Гирей благосклонно взглянул на Холмского. Вася поклонился ниже пояса.
— Добро, добро!.. Пусть учится посольскому делу. Прок будет. Роза родится из терния… Подойди, друг!
Никитин перевел Васе слова ханские, и юноша, приблизившись, встал на колено. Гирей положил ему на плечи обе руки свои и велел подать парчовый халат — в подарок. Раздавая дары, Гирей шутливо повторил пословицу: «Видя тебя с пустыми руками, слуга говорит: спит эфенди! А дашь, так скажет: эфенди, удостой войти!» — намекая на малость привезенных из Москвы ему подарков.

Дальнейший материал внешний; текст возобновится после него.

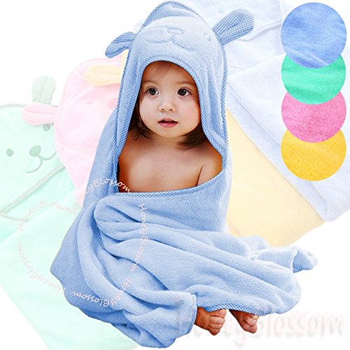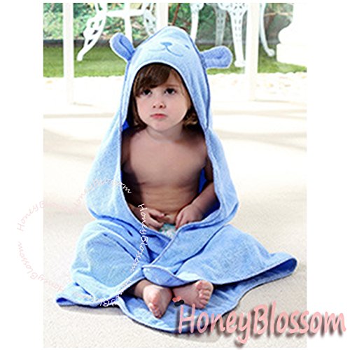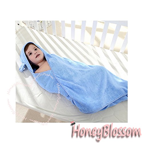(ハニーブロッサム) HONEY BLOSSOM ベビー & キッズ 【 うさぎ パイル おくるみ バスローブ 】 可愛い アニマル デザイン 耳 フード 付き 大判 バスタオル 女の子 男の子 人気 ベビー用品 90 × 90 cm 0 - 3歳 ぐらい m020 blue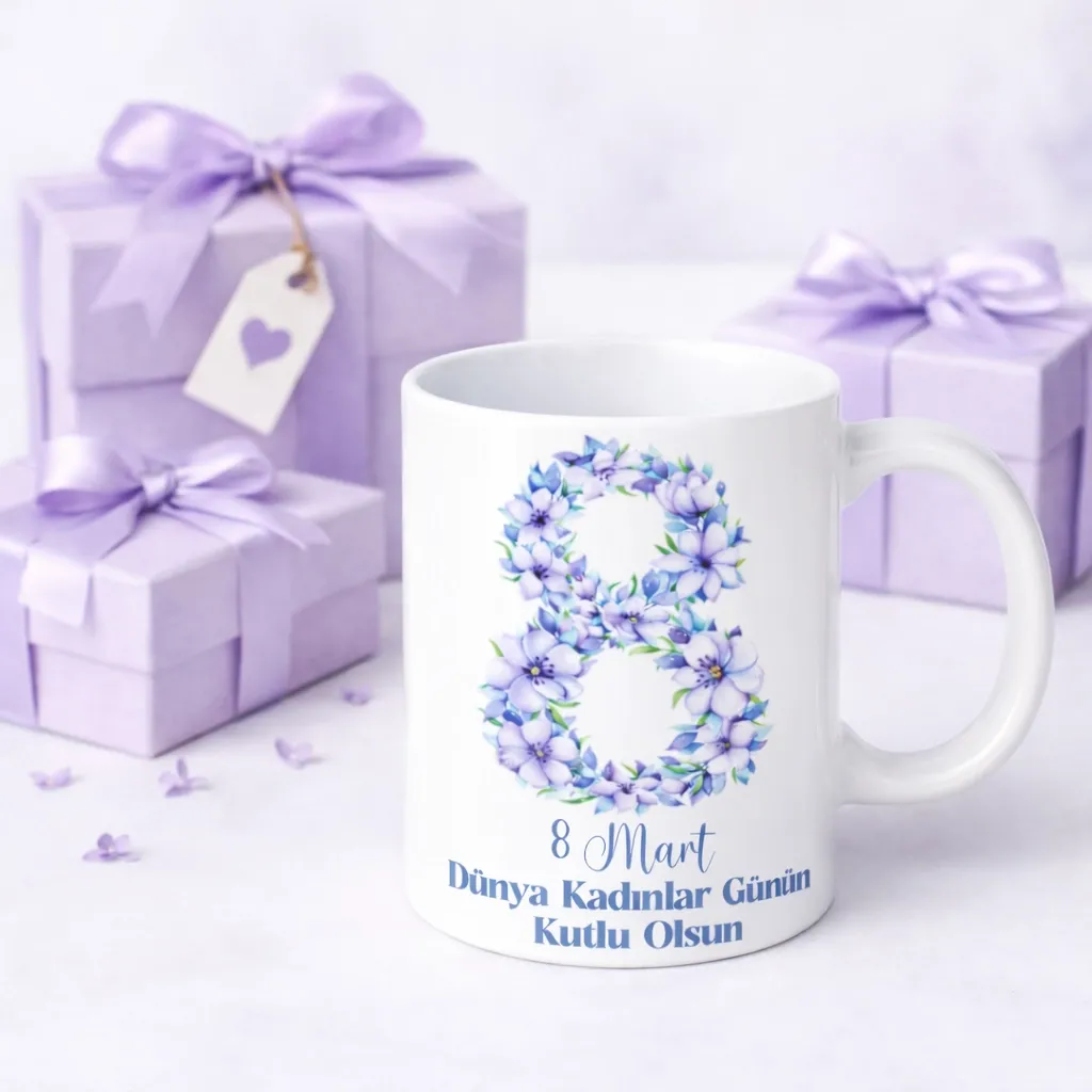 Hanibana markasının 8 Mart Lila Çiçekli Hediye Kupa'sı, özel günler için mükemmel bir seçenek. ? # Kişiye Özel Ürünler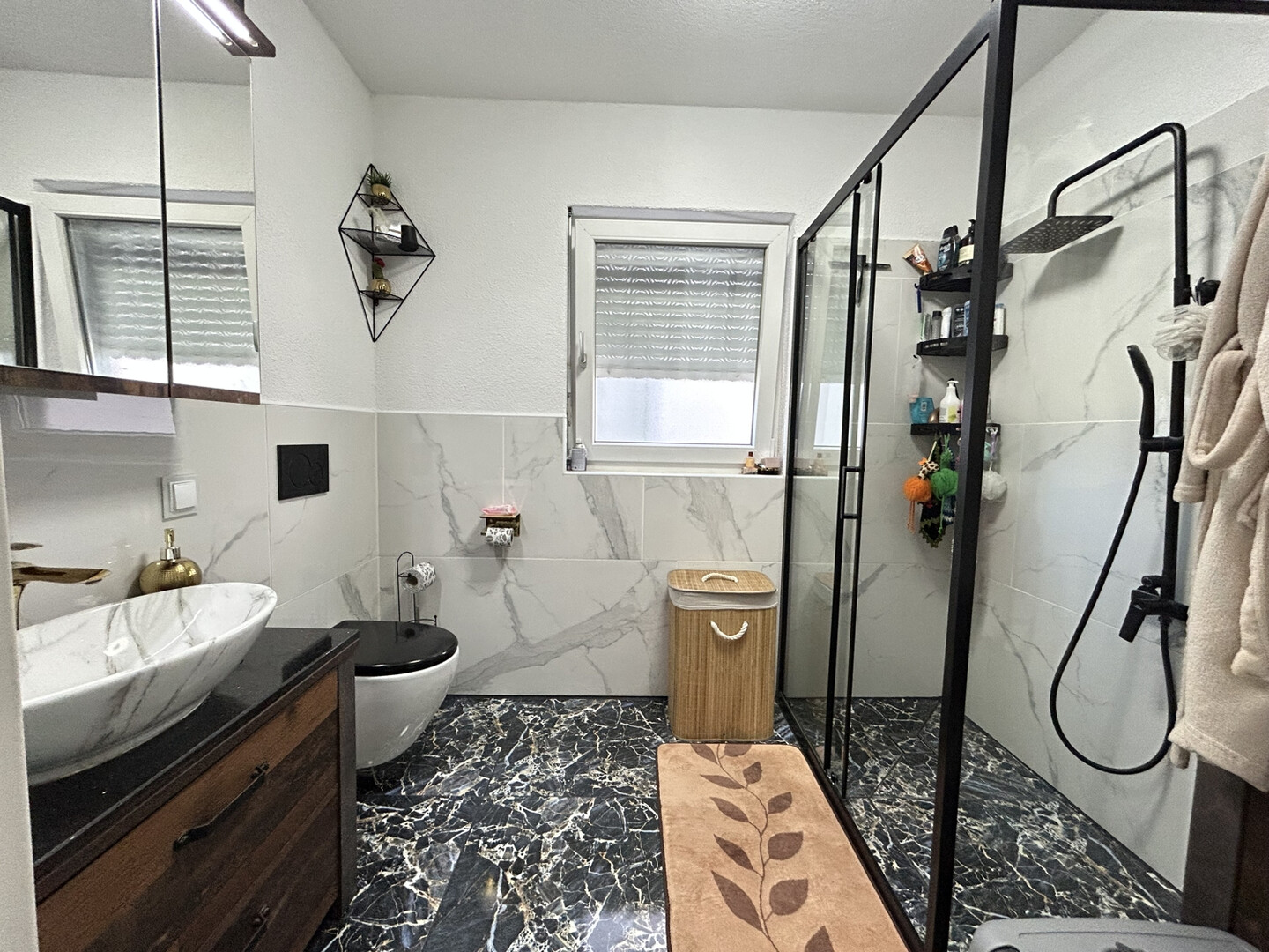Erdgeschoss: begehbare Dusche, WC, modernes Design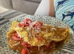 Cebulę kroimy w piórka i szklimy na łyżce masła klarowanego. Przekładamy do miseczki. Pomidory kroimy. Szparagi dokładnie obieramy. Gotujemy w wodzie z dodatkiem soli i łyżeczki cukru. Kroimy na kawałki o długości około 5 cm. Żółtka ucieramy z solą, białym pieprzem, łyżka mleka i mąki. Białka ubijamy na sztywno. Białka delikatnie łączymy z żółtkami. Na małej patelni rozgrzewamy łyżkę masła klarowanego i wylewamy masę jajeczną. Gdy spód i boki omletu się zetną układamy szparagi, kawałki pomidorów i przesmażona cebulkę. Delikatnie przy użyciu dwóch noży składamy omlet na pół. Dekorujemy reszta szparagów i posypujemy posiekana dymką.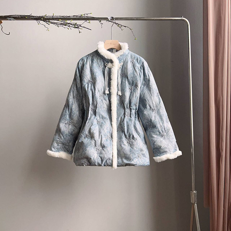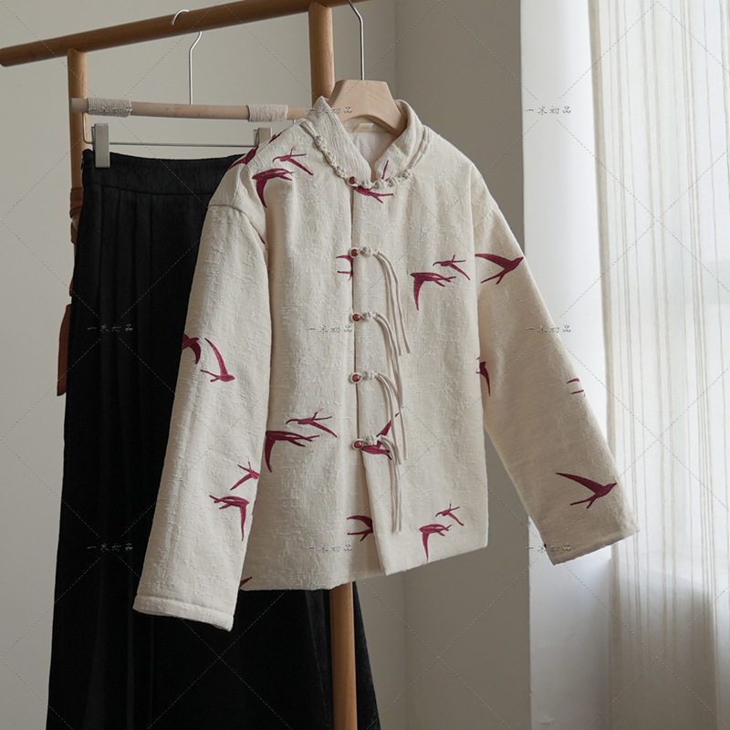 微笑向暖 新中式立体刺绣夹棉棉服 改良国风复古盘扣显瘦直筒外套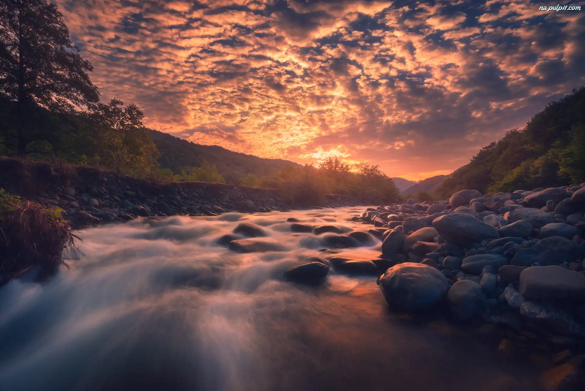 Region Racza-Leczchumi, Kamienie, Zachód słońca, Gruzja, Rzeka Rioni, Drzewa Na Pulpit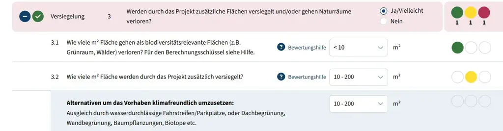 Mithilfe von einfachen Fragen stuft das Tool die CO2-Relevanz eines Vorhabens mittels Ampelsystem ein und gibt Empfehlungen, wie das Vorhaben klimafreundlich(er) umgesetzt werden kann. Zuerst wird durch einfache Ja-Nein-Fragen geprüft, ob ein Projekt grundsätzlich klimarelevant ist. Dann hilft ein Kriterienkatalog, die Auswirkungen genauer einzuschätzen. Ein Ampelsystem macht die Bewertung leicht verständlich und zeigt anschaulich, ob ein Projekt CO2-reduzierend wirkt, neutral bleibt oder Verbesserungsbedarf besteht. Ebenso stellt das Tool positive Auswirkungen auf das Klima dar und zeigt, wie diese noch erweitert werden kann.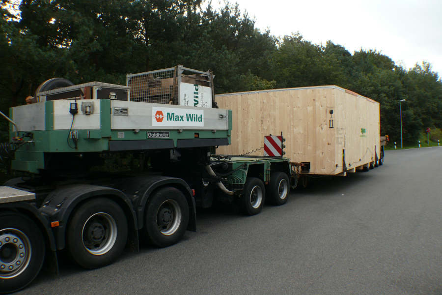 Transport einer 63 t Überseekiste für den Export

— У вас есть также пословица, государь, — отшучивался Никитин. — «Голого не оберут и тысячи конных», а дороги к твоему благополучию не из безопасных. И дружба истинная, прибежище мира, выказывается на помощи в нужде. Дары — вежливость!
— Сказал, что умника прислал ко мне Иван-брат, — весело отозвался Гирей на эти слова разумного старца. Бархатная шуба и павлинье опахало вручено было тут же Никитину, который, откланиваясь и благодаря за ласку, просил Гирея позволить предстать к Нур-Салтан-царице, как повелевал государь Иван Васильевич. Менгли-Гирей соизволил. Встал и велел проводить в гарем послов московских, сам за ними туда последовав, медленно двигаясь на больных ногах своих.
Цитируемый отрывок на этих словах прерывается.